Here are my top 10 tips to practice on the daily to help you combat “mom brain”:
- Parent your own sleep (7-8 hours) – essential for memory consolidation – set a firm boundary of when screens go dark 1 hour before bedtime
- Move your body – at least a 30 minute walk every day, or maybe have a dance party while you clean the house 🙂
- Hydrate, hydrate, hydrate- (sprinkle in some high quality sea salt to your water)- wards of fatigue, replaces electrolytes
- Tap into your planning style (calendar, to-do lists) – stay organized & limit overwhelm
- Practice mindfulness meditation/breath work & prayer – slows you down & reduces stress
- Take little breaks throughout the day – let your brain recharge
- Don’t fall victim to using ‘mom-brain’ as an excuse
- Make time for a creative outlet – practicing an instrument, tackling that baby scrapbook
- Engage your brain with something challenging – for me it’s using a 2nd language with my kids
- Prioritize nutrient dense foods – fatty fish, berries, leafy greens, nuts & seeds, whole grains, dark chocolate (yesss!)
- Bonus tip! Make sure to connect with others. Isolation and loneliness can contribute to “mom brain”. Make extra effort to connect with family, friends and other new mamas in your community.
So rest assured, “mom brain” is a super common experience for moms, but it is not a permanent condition nor does it have to define your life. It’s possible to know it’s there and that it is a legitimate thing without falling back on it as the blanket excuse for everything. Over 2 years ago, when my first baby was just a few weeks old, I promised myself that I wouldn’t use the excuse “mom brain”, or even acknowledge it out loud. In the back of my mind, I know it’s a real phenomenon, but I’ve been able to just go with it and accept that my brain and my body work a little differently these days. Nothing has gone wrong here. I’m doing a great job at life & being a mama and so are you!

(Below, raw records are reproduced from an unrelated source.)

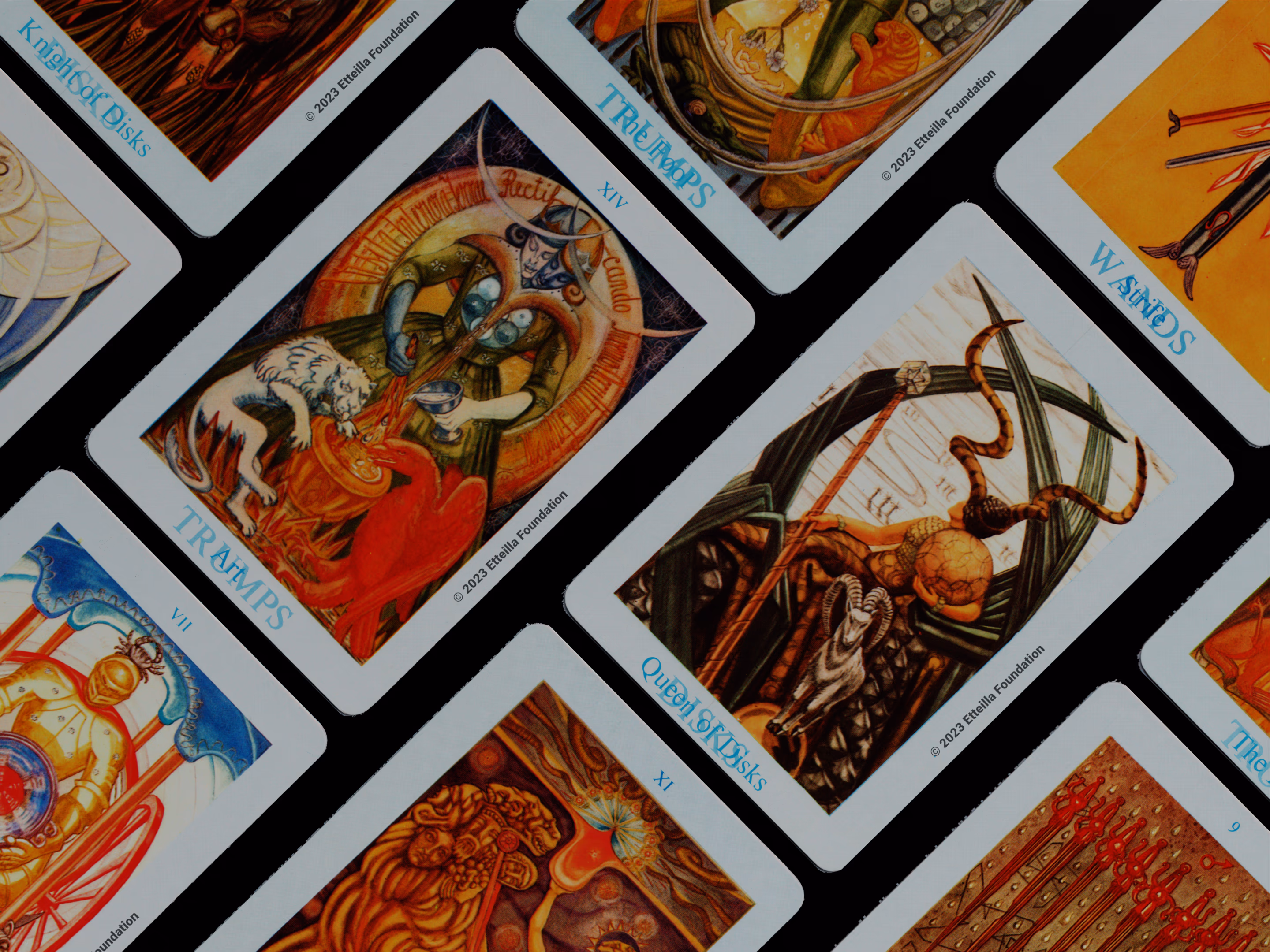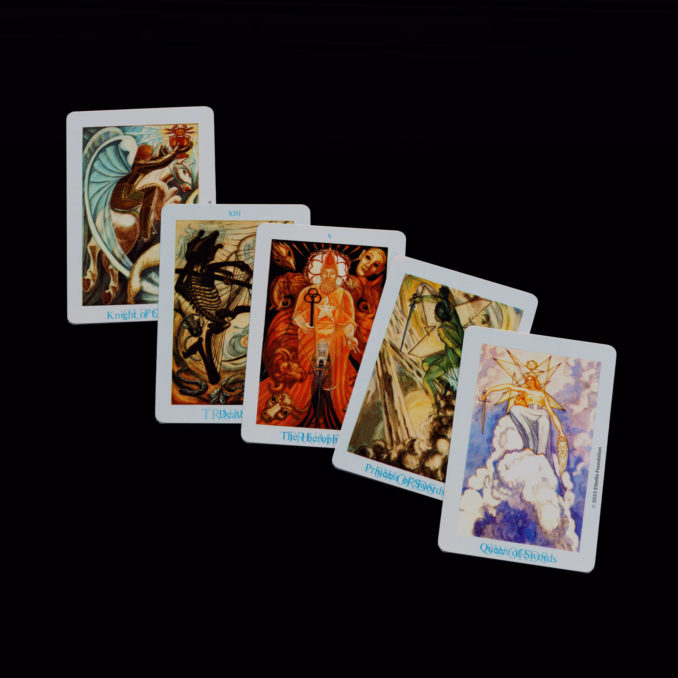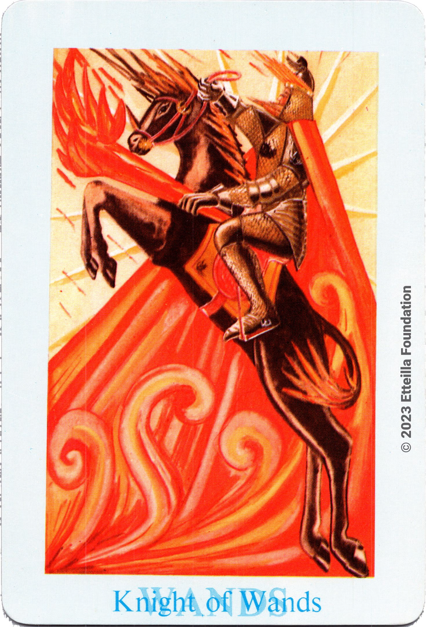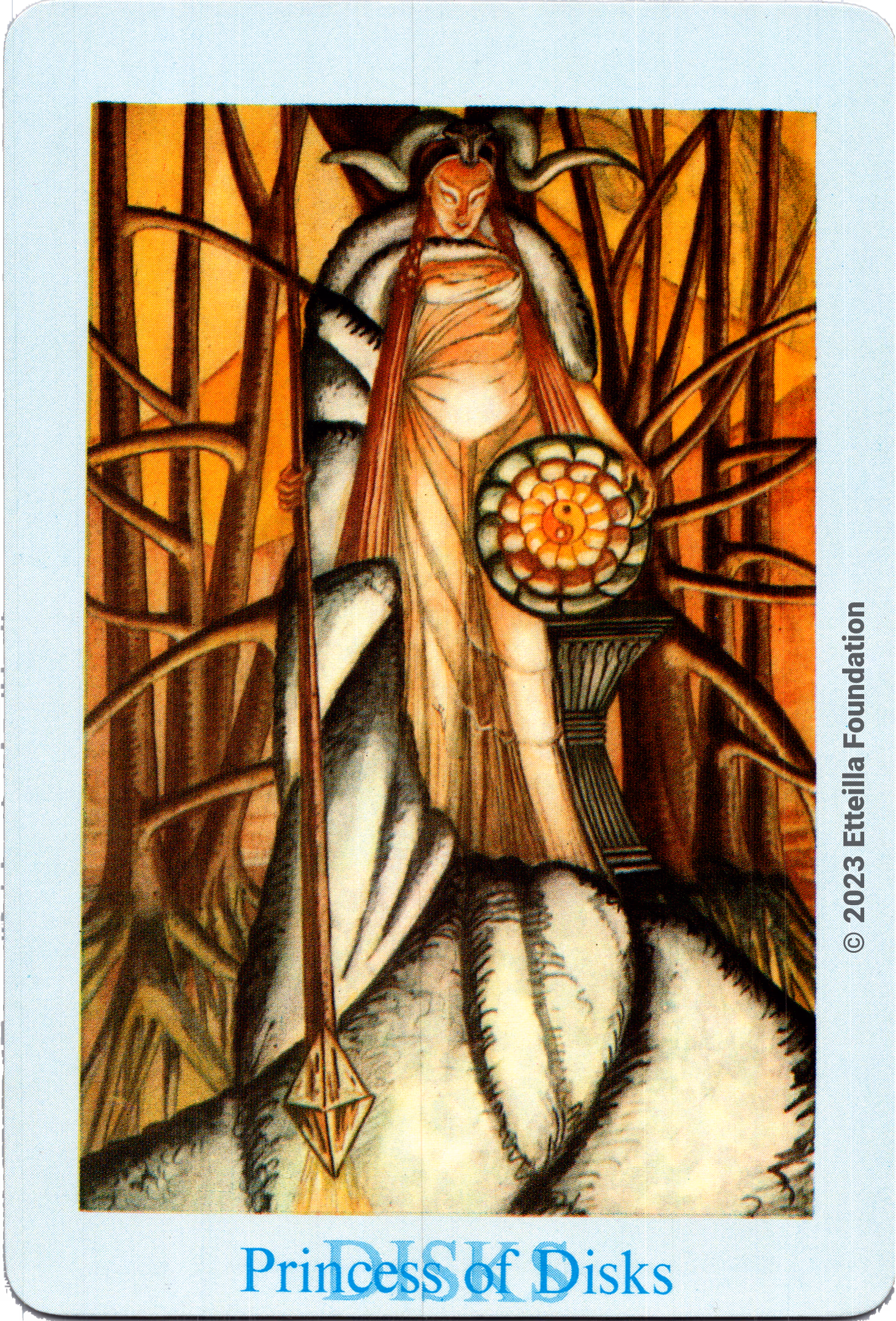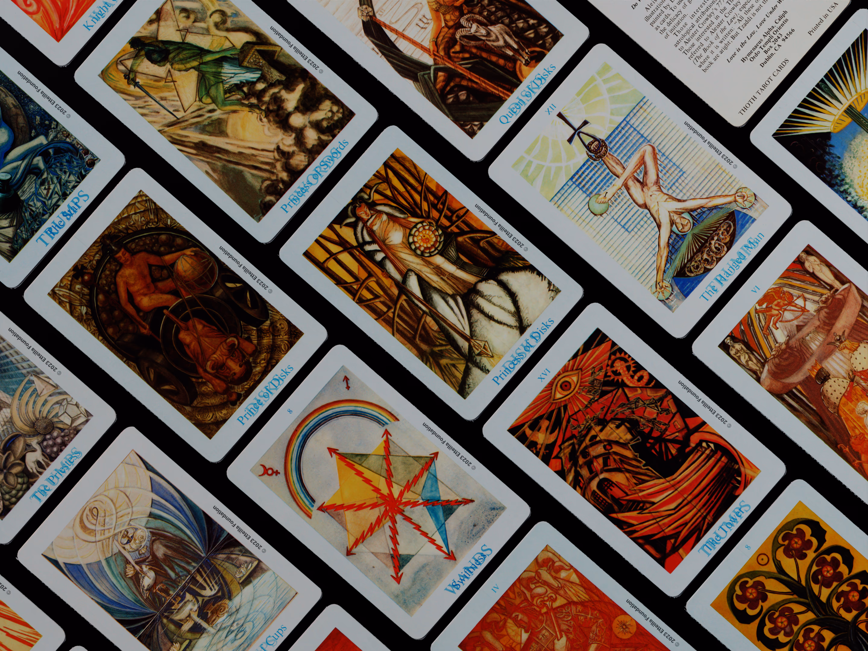 The Thoth Tarot which features very unique card designs and artistic direction is a collaboration between the famous occultist Aleister Crowley who designed the deck, and Lady Frieda Harris who painted the illustrations. This very popular divination tarot created between 1938 and 1943 is notable for having major arcana re-ordered and renamed to allow what Crowley calls the “double zodiac loop” for tarot reading. We note that the suit of disks replace the suit of pentacles found in the Waite-Smith decks and many cards have different names. In particular the Knights replace the Kings, The Knights become the Princes and the Pages are replaced by the Princesses. This version, commonly referred as version B, was published by Weisner instead of Llewellyn and is the first one to introduce the extra Ordo Templi Orientis white playing card.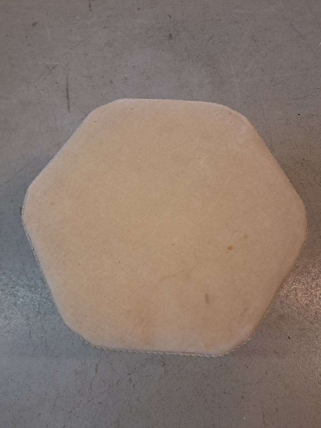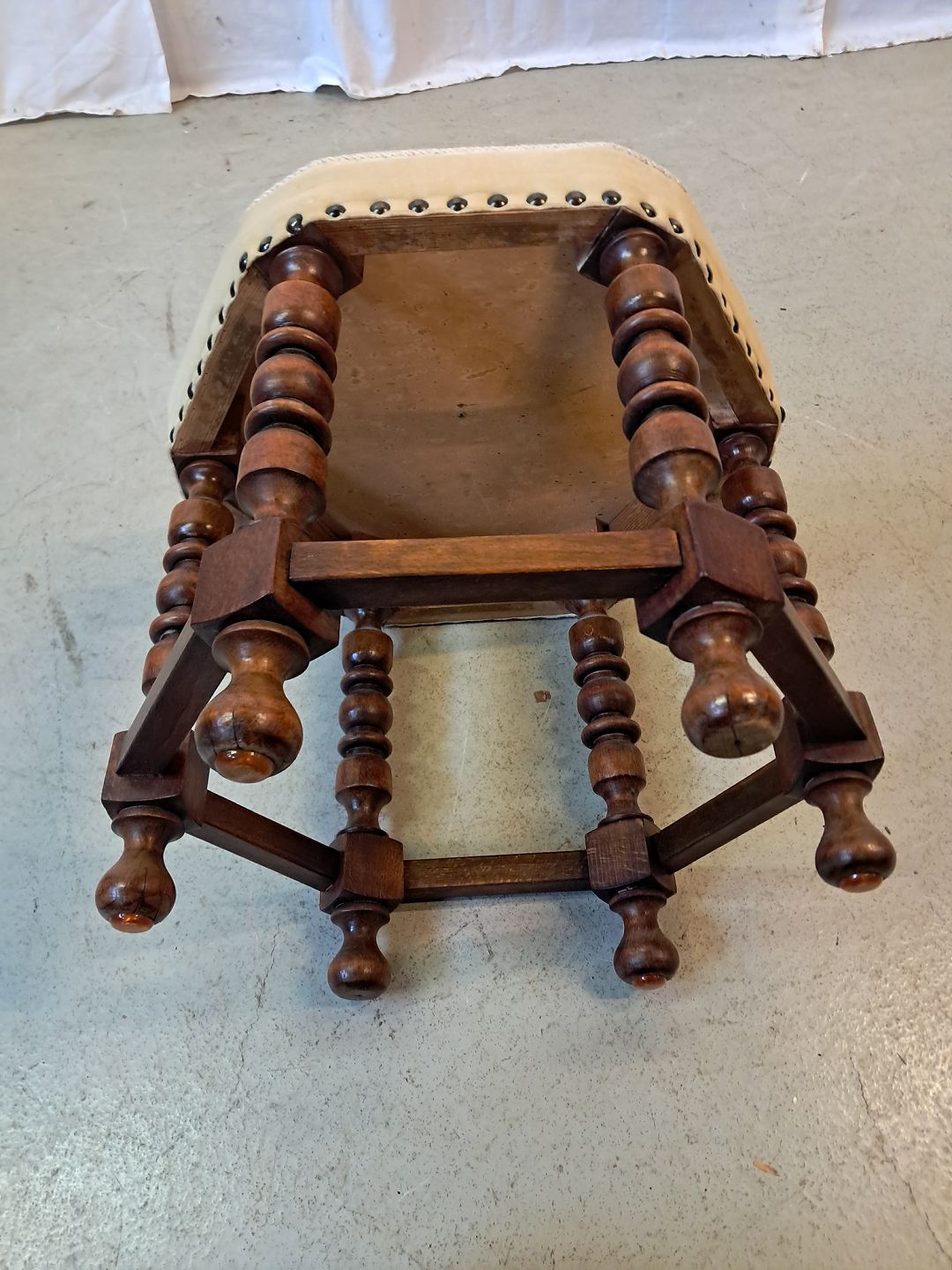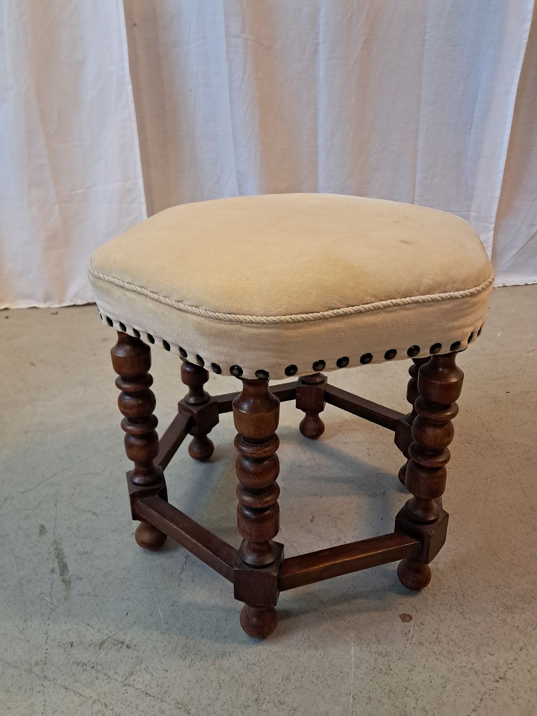 Skammel i massivt egetræ, fra 1950erne.Den har brugsspor.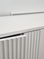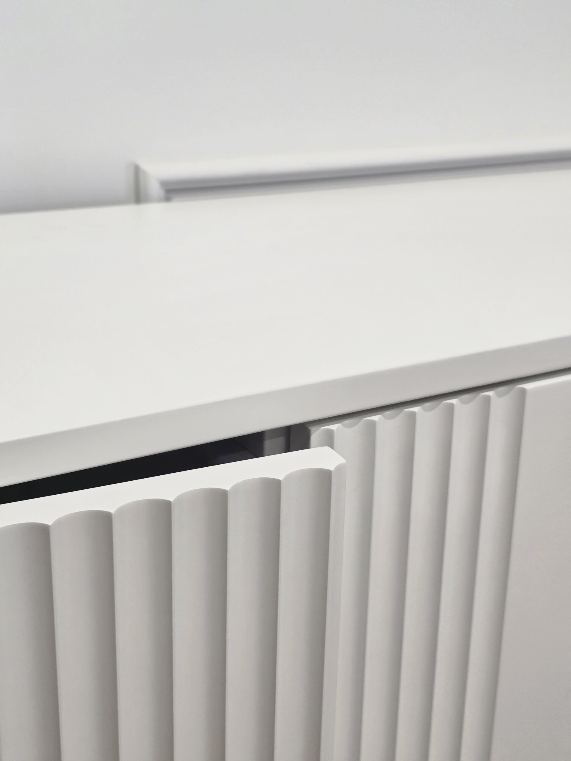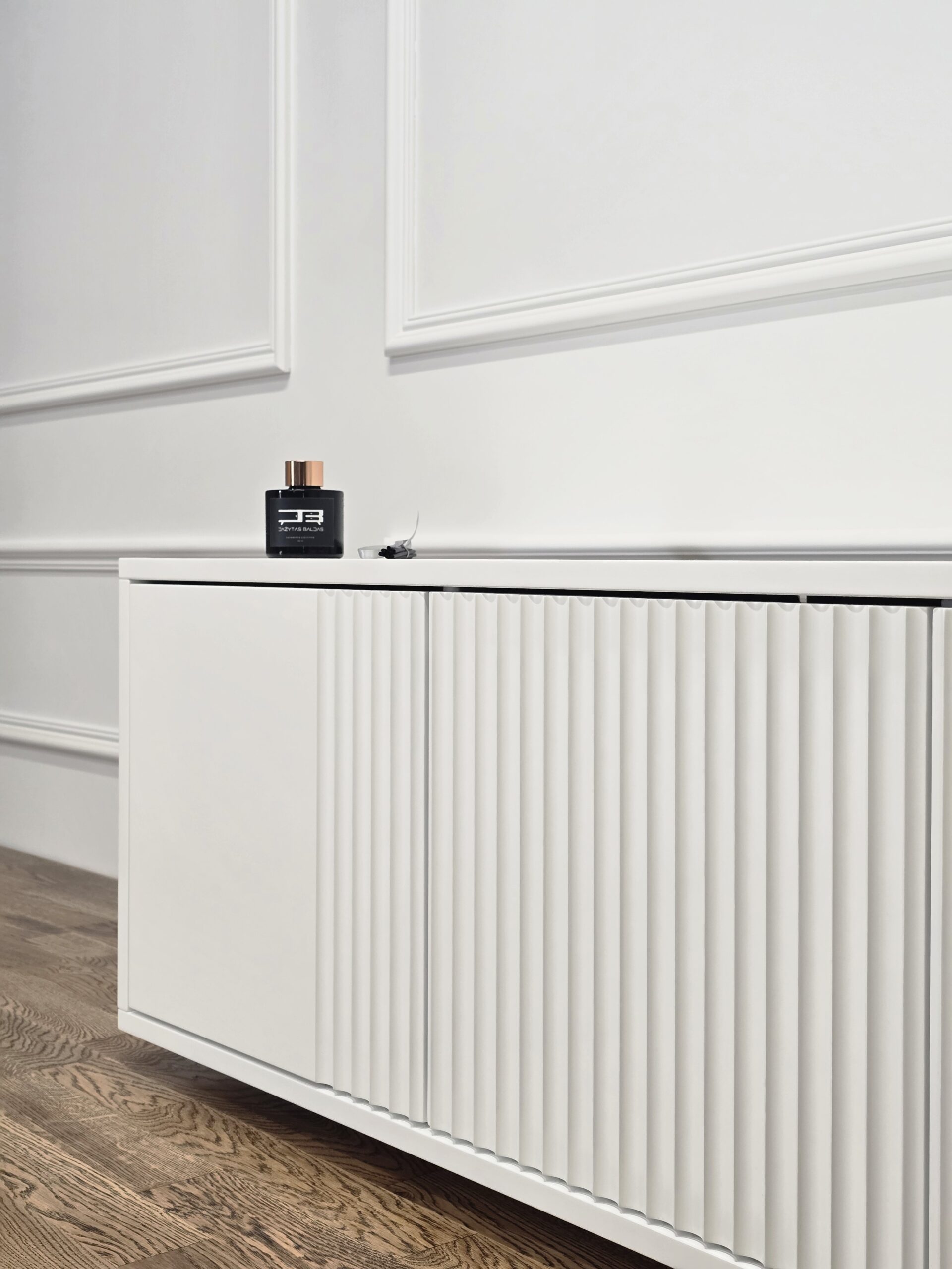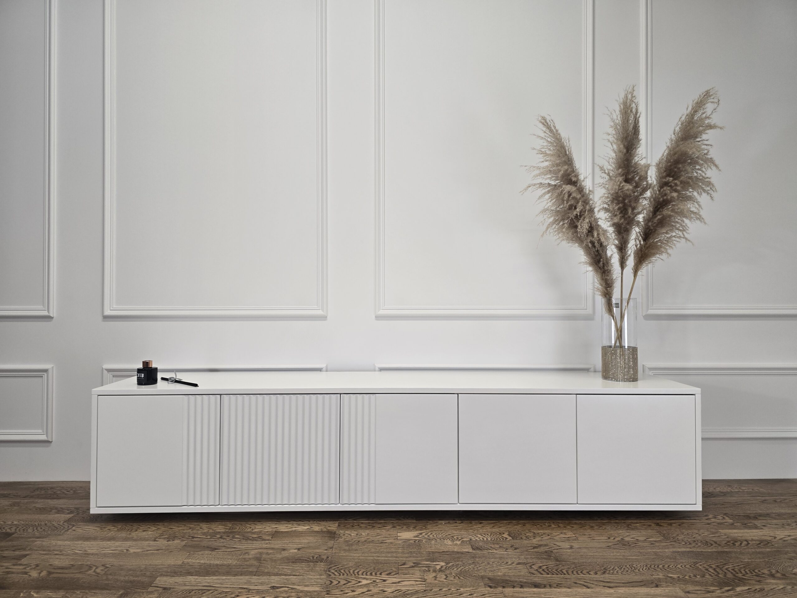 Šis pakabinamas TV baldas išsiskiria subtiliu, ritmišku fasado reljefu bei nepriekaištingai švaria forma. Be rankenėlių, baldas atrodo vientisas ir vizualiai lengvas – tai puikus sprendimas moderniam, minimalistiniam interjerui.

By proactively taking care of your physical and mental health, you can work to improve “mom brain” struggles and improve your cognitive function. Try incorporating these tips into your daily routine, and you may find that your “mom brain” starts to improve! And remember, give yourself grace as you continue to move forward in the journey of mama-hood.
“She is clothed with strength and dignity; she can laugh at the days to come. She speaks with wisdom, and faithful instruction is on her tongue. She watches over the affairs of her household and does not eat the bread of idleness.”